This phenomenon can be explained as follows. We can divide a core's unhalted clock cycles into two parts: retiring cycles and bubble cycles.

*Retiring cycles* are cycles with architectural states commitments from instructions. On an ideal pipeline, the number is equal to the commit width, which would be roughly equal to the issue width in a balanced design. Applications do not always retire *Issue\_Width* instructions in every retire cycle, but interval analysis uses this simplified assumption and shows good analytical modeling results [9]. We therefore estimate that a retire cycle is a cycle with *Issue\_Width* instructions retiring. We later discuss how this could be generalized.

Bubble cycles are those cycles where no instructions retire. These can further be divided into *stall cycles* and *discarded cycles*. Stall cycles are cycles where the core is stalled waiting for data from the memory hierarchy or due to pipeline resource limitations such as reorder buffer occupancy. Discarded cycles are those where no useful work is accomplished due to pipeline flush events such as branch mispredictions and interrupts. Equation 4 shows the relationship between unhalted, retiring, stall, and discarded cycles.

$$C_{unhalted} = C_{retiring} + C_{bubble}$$
$$= C_{retiring} + C_{stall} + C_{discarded}$$
(4)

$$E10 \approx E9 + E7 \times MisBranchPen + \frac{E11}{Issue\_Width}$$
(5)

$$CPI - DispatchStall_Per_Ins \approx \frac{1}{Issue\_Width} + MisBranchPen \times \frac{Inst\_MisPred}{Inst\_Retired}$$
(6)

The unhalted cycles can be counted by event E10, *CPU\_Clocks\_not\_Halted*. The stall cycles can be counted by event E9, *Dispatch\_Stalls*. The ideal retiring cycles can be calculated by the ratio between event E11, *Retired\_Instructions*, and issue width (which is a microarchitectural feature). Due to hardware limitations, we use mispredicted cycles to approximate discarded cycles. Mispredicted cycles can be expressed as the product of event E7, *Retired\_Mispredicted\_Branch\_Instructions*, and the resulting penalty cycles (*MisBranchPen*). We find that this approximation does not significantly increase power prediction error due to its relatively small weight in Equation 3. Therefore, Equation 4 can be rewritten in terms of event counts as Equation 5. Dividing both sides of this equation by the retired instructions and rearranging the terms yields Equation 6.

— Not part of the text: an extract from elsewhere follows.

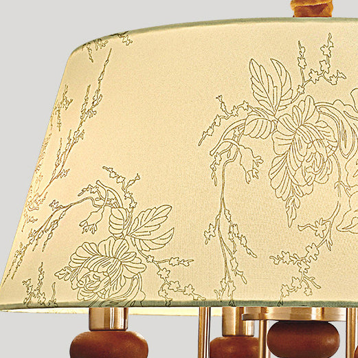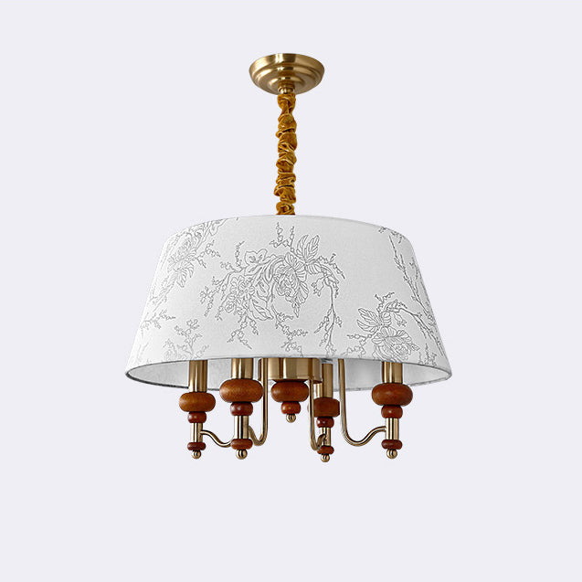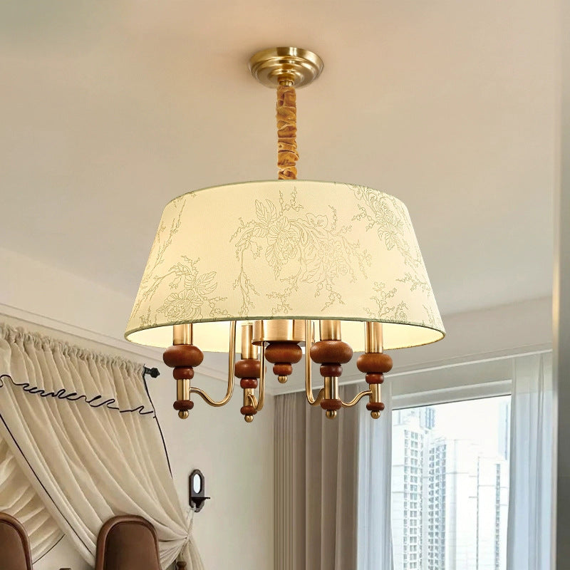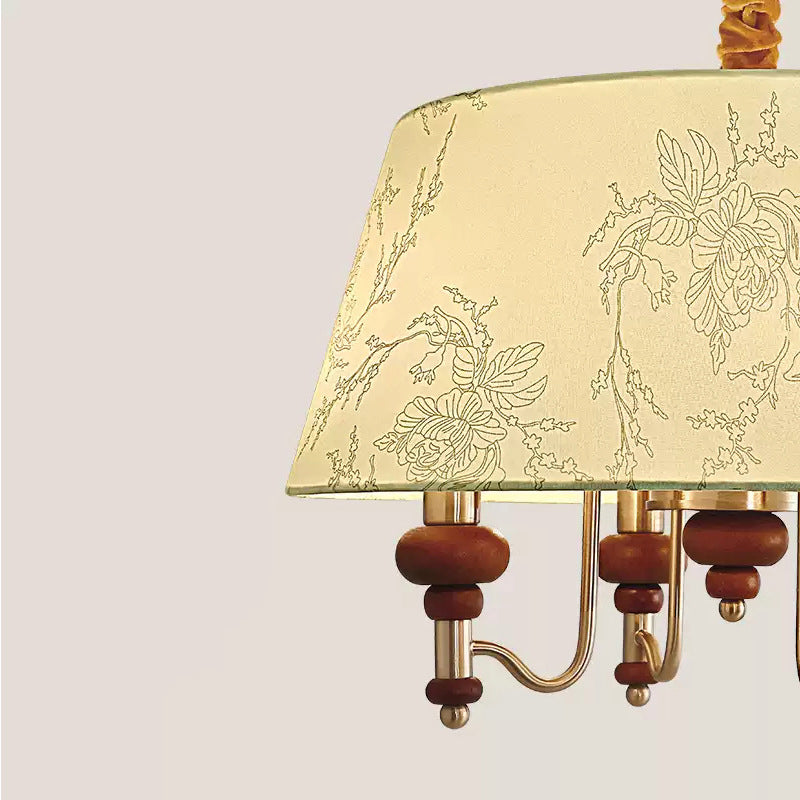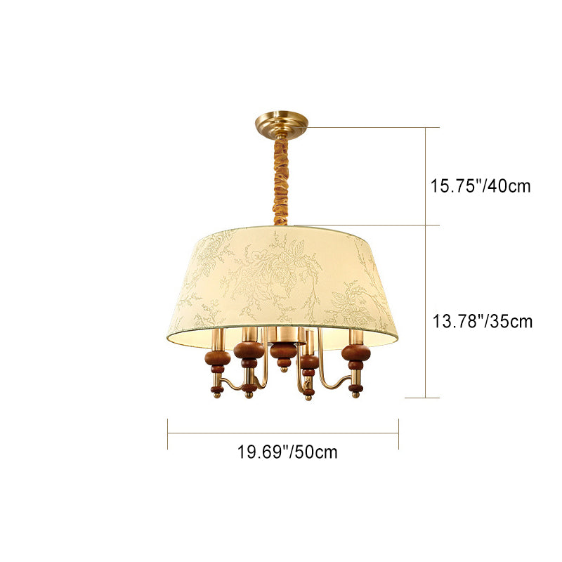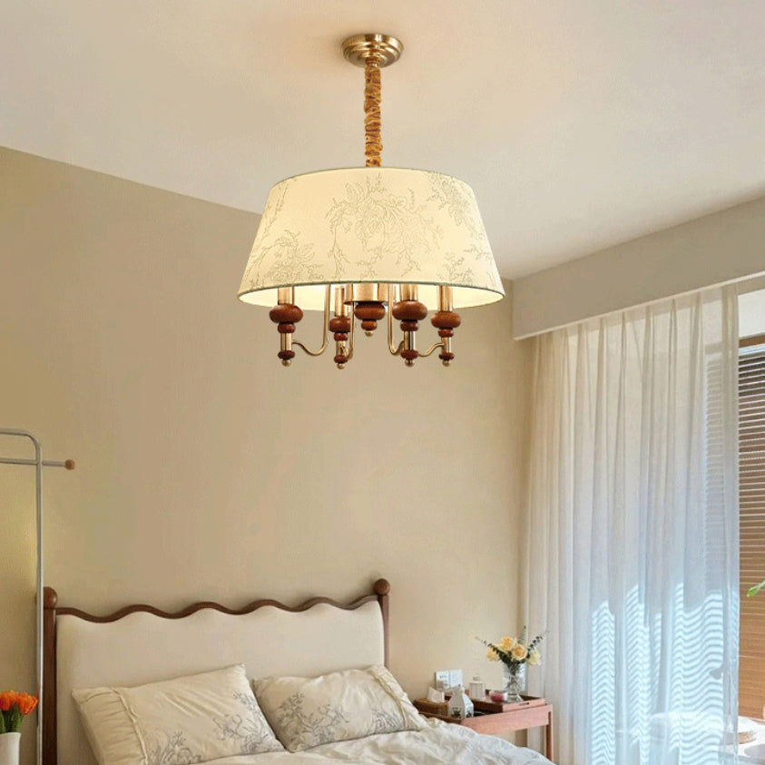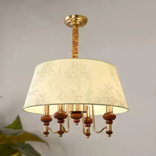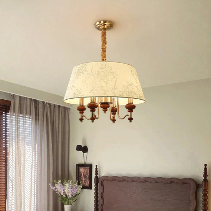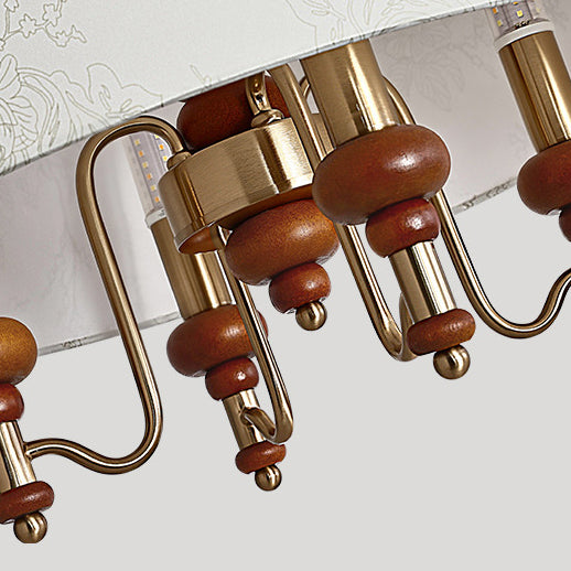 Traditional French Round Candle Holder Solid Wood Iron Frame Fabric Shade 4-Light Chandelier For Living Room

Among terms in the right-hand side of Equation 6, *Issue\_Width* and *MisBranchPen* are microarchitecture-specific constants, and *Inst\_Retired* and *Inst\_MisPred* are constants at a given program point. Since none of these values are dependent on frequency, *CPI - DispatchStall\_Per\_Inst* is approximately a constant at a given point in a program, regardless of VF states.

We note here that Equation 5 assumes that every retiring cycle retires *Issue\_Width* instructions. We could make a more accurate estimate of this value by separating out *Cycles\_Retiring\_1, ..., Cycles\_Retiring\_Issue\_Width*. Unit mask values in our performance counters could count these values separately, at the cost of more counter multiplexing. We note that this retire count is mostly a function of program location and microarchitectural features, however. As such, Observation 2 still holds.

The above two observations provide the relationship of hardware event counters among different VF states. Therefore, given the hardware event counts at one VF state, we can derive good estimates of event counts at any other VF state.

2) Validation of Power Prediction across VF States: We now evaluate the power prediction errors for all the benchmark combinations across all pairs of VF states. For each pair of VF states, we compare the average measured power and the average predicted power for each benchmark combination and illustrate the error for each suite.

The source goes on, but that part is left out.